(DATASET EXCERPTS):
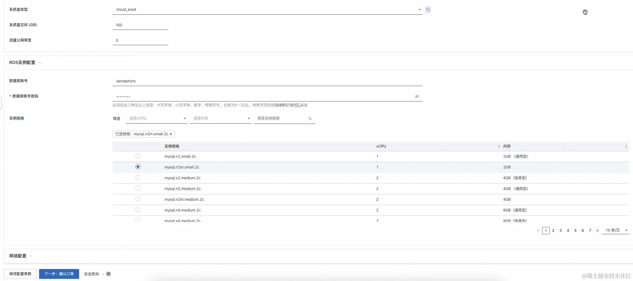| RDS 实例配置 | 实例规格 | mysql.n2m.small.2c | 使用的 RDS 数据库实例规格。 |
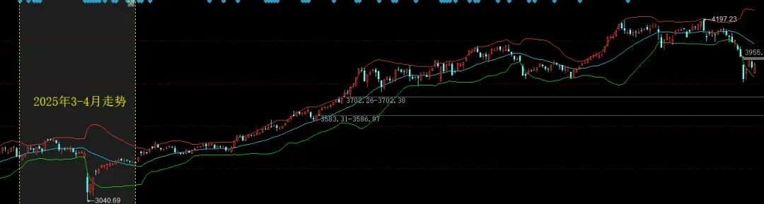 近期的对比,则是对比去年3月底4月初,认为近期指数可能会短期破一下3800点支撑位之后,可能会有护盘之类的资金大量级进场扭转市场情绪。这是我们认为策略应对可能发生的两种历史走势。
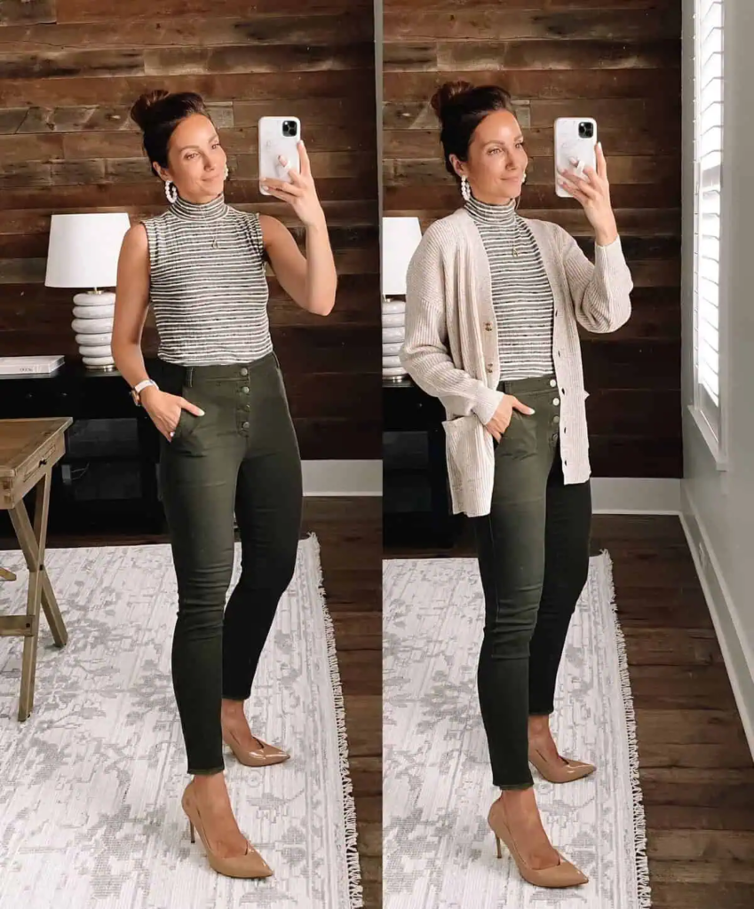 This layered outfit combines a striped turtleneck with fall-toned pants and a neutral cardigan. The layers make it adaptable to changing temperatures.
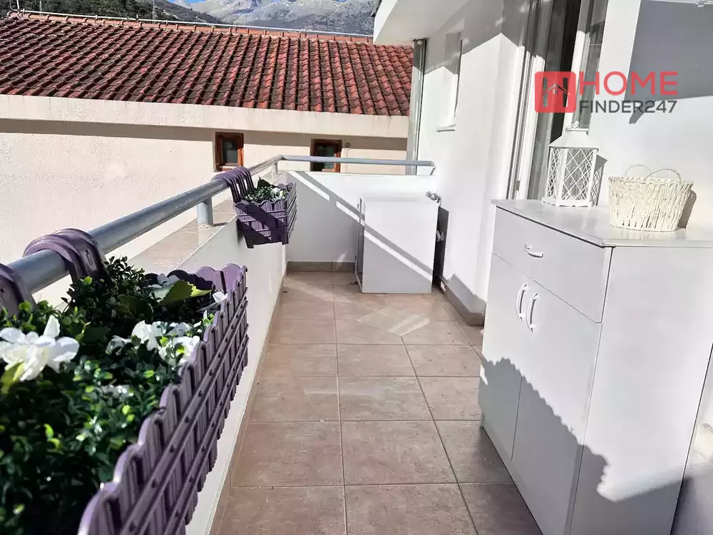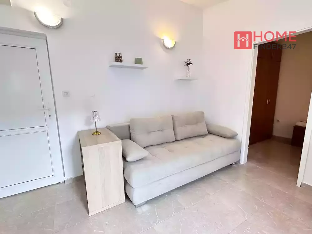 A small one-room apartment for sale in the Golubovina settlement in Budva. The apartment is located on the top floor of a residential building without an elevator. The area of the apartment is 30 m2 and consists of one bedroom, hallway, bathroom, kitchen, living room and terrace.
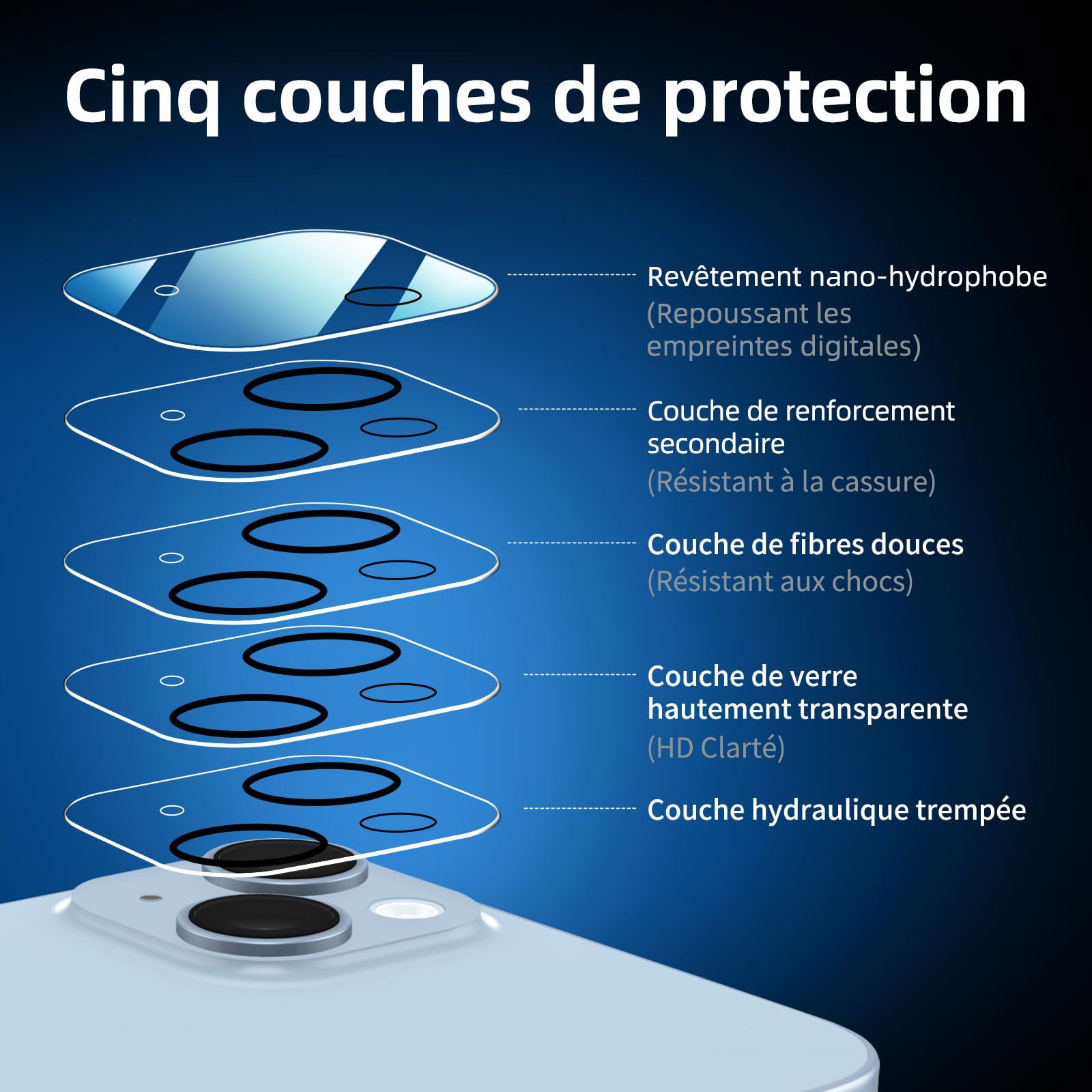 – **Protection Complète**: En plus de trois protections d’écran, le kit inclut également trois protections pour la caméra arrière, offrant une protection totale pour votre iPhone 14 Plus.

(WHAT IS BEING ASKED): Please set down only the lines from the first line of the records above through the line that has "This layered outfit", exactly, and not the pictures.

(SOLUTION TO THE EXERCISE):
| RDS 实例配置 | 实例规格 | mysql.n2m.small.2c | 使用的 RDS 数据库实例规格。 |
 近期的对比,则是对比去年3月底4月初,认为近期指数可能会短期破一下3800点支撑位之后,可能会有护盘之类的资金大量级进场扭转市场情绪。这是我们认为策略应对可能发生的两种历史走势。
 This layered outfit combines a striped turtleneck with fall-toned pants and a neutral cardigan. The layers make it adaptable to changing temperatures.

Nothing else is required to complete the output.